Fruit Flies Hold the Secret to Sleep: Medicine's Next Big Thing?

Margot Kim Image
Tuesday, September 20, 2016
Fruit Flies Hold the Secret to Sleep: Medicine?s Next Big Thing?
Researchers are studying the impact of sleep on insomniac fruit flies to see how they can help humans.

ST. LOUIS, Mo. (KFSN) -- We all know how much better we feel after a good night's sleep, but sleep is also key for staying healthy. If you don't get enough sleep, there's evidence that your brain activity changes. Researchers are studying the impact of sleep on insomniac fruit flies to see how they can help humans.

For 59-year old Deb Thum a simple game of dominoes with her mother, Lorie, is easier now than ever before.

For years, Thum struggled with sleep apnea, waking up every few minutes overnight.

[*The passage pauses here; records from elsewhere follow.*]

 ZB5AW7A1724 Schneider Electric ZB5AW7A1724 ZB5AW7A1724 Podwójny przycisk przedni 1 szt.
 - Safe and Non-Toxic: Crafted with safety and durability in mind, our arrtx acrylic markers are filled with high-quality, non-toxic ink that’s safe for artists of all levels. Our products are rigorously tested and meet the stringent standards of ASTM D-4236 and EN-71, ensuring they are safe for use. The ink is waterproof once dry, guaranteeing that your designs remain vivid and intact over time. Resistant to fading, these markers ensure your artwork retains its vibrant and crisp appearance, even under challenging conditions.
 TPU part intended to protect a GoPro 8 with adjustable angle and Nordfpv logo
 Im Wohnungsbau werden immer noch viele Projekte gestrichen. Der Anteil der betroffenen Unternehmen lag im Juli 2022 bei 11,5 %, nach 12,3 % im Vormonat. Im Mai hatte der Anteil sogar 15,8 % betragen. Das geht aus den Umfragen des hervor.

Sleep deprivation wrecked her focus.

Thum told Ivanhoe, "I just know I had to work harder than anybody else. People would say 'oh that only took me half an hour.' It would take me three hours."

Neurobiologist Paul Shaw, PhD, from Washington University in St. Louis, is studying fruit flies to uncover the secrets of sleep. Of all animals, Shaw says fruit fly genes are easy to manipulate.

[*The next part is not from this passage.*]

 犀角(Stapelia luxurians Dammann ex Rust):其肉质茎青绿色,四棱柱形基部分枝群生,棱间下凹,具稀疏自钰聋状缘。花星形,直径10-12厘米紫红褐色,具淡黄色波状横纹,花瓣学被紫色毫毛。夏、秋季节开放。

"I can take a human gene that's involved in patterning your hand, I can take that human gene and put it in a fly and I get a wing," explained Shaw.

Shaw takes flies that are missing the gene responsible for memory and puts them to sleep for two days, either with drugs or by using light to activate brain neurons. When they wake up, the flies behave normally.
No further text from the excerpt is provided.